The paper introduces H-TAN, a hyper transformer-based framework that directly learns shape priors for amodal object completion, achieving superior results on multiple benchmark datasets.

Contribution

It proposes a novel hyper transformer framework with dynamic convolution for efficient shape prior learning and amodal mask prediction, improving over traditional methods.

Findings

H-TAN outperforms existing methods on KINS, COCOA-cls, and D2SA datasets.

The hyper transformer effectively learns shape priors and enhances mask accuracy.
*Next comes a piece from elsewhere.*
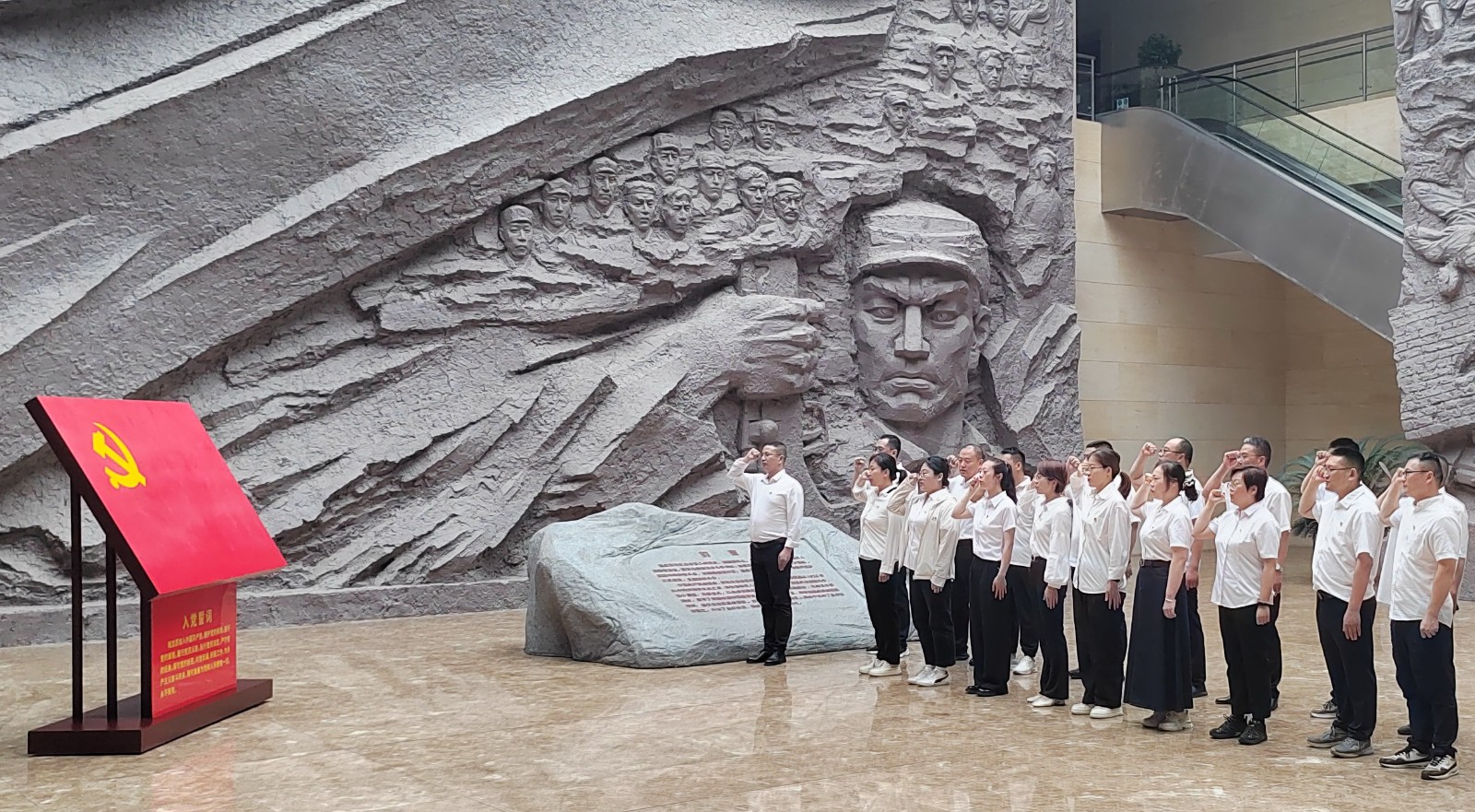 在連云港市革命博物館莊嚴(yán)肅穆的展廳內(nèi),大家認(rèn)真聆聽講解員講述連云港地區(qū)的革命斗爭史。一件件珍貴的歷史文物、一幅幅生動的歷史照片,再現(xiàn)了革命先烈們?yōu)槊褡褰夥攀聵I(yè)英勇奮斗的光輝歷程。在革命烈士浮雕前,全體黨員整齊列隊,重溫入黨誓詞,強(qiáng)化政治信仰,增強(qiáng)責(zé)任擔(dān)當(dāng)。

The model demonstrates robustness and stability across different benchmarks.

Abstract

Amodal object completion is a complex task that involves predicting the invisible parts of an object based on visible segments and background information. Learning shape priors is crucial for effective amodal completion, but traditional methods often rely on two-stage processes or additional information, leading to inefficiencies and potential error accumulation. To address these shortcomings, we introduce a novel framework named the Hyper-Transformer Amodal Network (H-TAN). This framework utilizes a hyper transformer equipped with a dynamic convolution head to directly learn shape priors and accurately predict amodal masks. Specifically, H-TAN uses a dual-branch structure to extract multi-scale features from both images and masks. The multi-scale features from the image branch guide the hyper transformer in learning shape priors and in generating the weights for dynamic convolution tailored to each instance. The dynamic convolution head then uses the features from the mask branch to predict precise amodal masks. We extensively evaluate our model on three benchmark datasets: KINS, COCOA-cls, and D2SA, where H-TAN demonstrated superior performance compared to existing methods. Additional experiments validate the effectiveness and stability of the novel hyper transformer in our framework.